--- INFORMATION PROVIDED ---

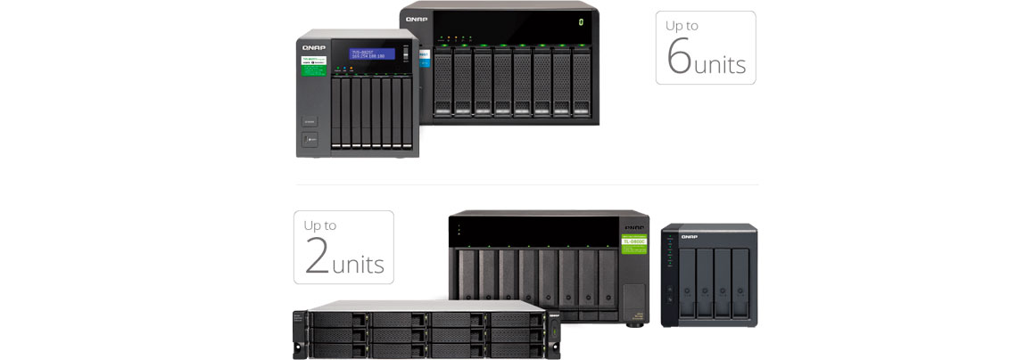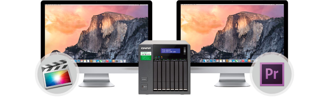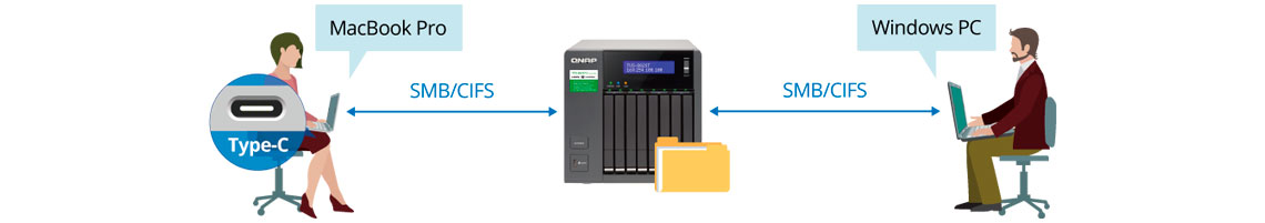 O servidor é uma excelente combinação para usuários Mac e Windows equipados com Thunderbolt para fluxos de trabalho 4K, armazenamento de dados e compartilhamento de dados em alta velocidade, além de oferecer expansão da capacidade através das unidades de expansão da QNAP ou Virtual JBOD (VJBOD).
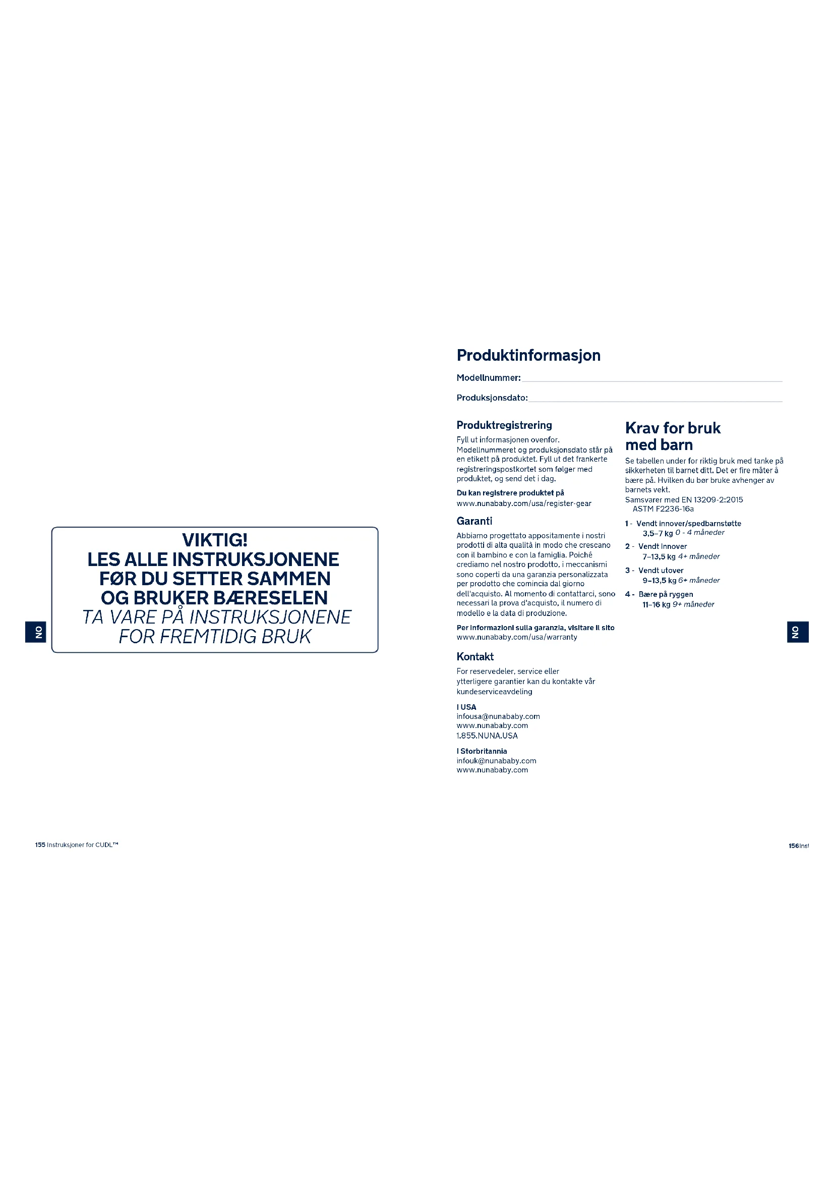 4+ måneder3 - Vendt utover 9–13,5 kg 6+ måneder4 - Bære på ryggen 11–16 kg 9+ måneder155 Instruksjoner for CUDL™ 156Instruksjoner for CUDL™ VIKTIG!
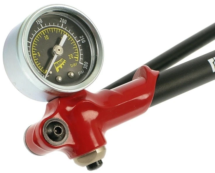 Die Dämpferpumpe von Magura ermöglicht Dir Pumpvorgänge bis 20 bar und das auf Grund des speziellen Ventils ganz ohne jeglichen Luftverlust. Ein gut ablesbares Manometer informiert Dich jederzeit über den aktuellen bar bzw. psi-Wert.

---

WHAT TO WORK ON —
Everything in the listing must be restated word for word, except for the pictures.

THE COMPLETED TASK —
 O servidor é uma excelente combinação para usuários Mac e Windows equipados com Thunderbolt para fluxos de trabalho 4K, armazenamento de dados e compartilhamento de dados em alta velocidade, além de oferecer expansão da capacidade através das unidades de expansão da QNAP ou Virtual JBOD (VJBOD).
 4+ måneder3 - Vendt utover 9–13,5 kg 6+ måneder4 - Bære på ryggen 11–16 kg 9+ måneder155 Instruksjoner for CUDL™ 156Instruksjoner for CUDL™ VIKTIG!
 Die Dämpferpumpe von Magura ermöglicht Dir Pumpvorgänge bis 20 bar und das auf Grund des speziellen Ventils ganz ohne jeglichen Luftverlust. Ein gut ablesbares Manometer informiert Dich jederzeit über den aktuellen bar bzw. psi-Wert.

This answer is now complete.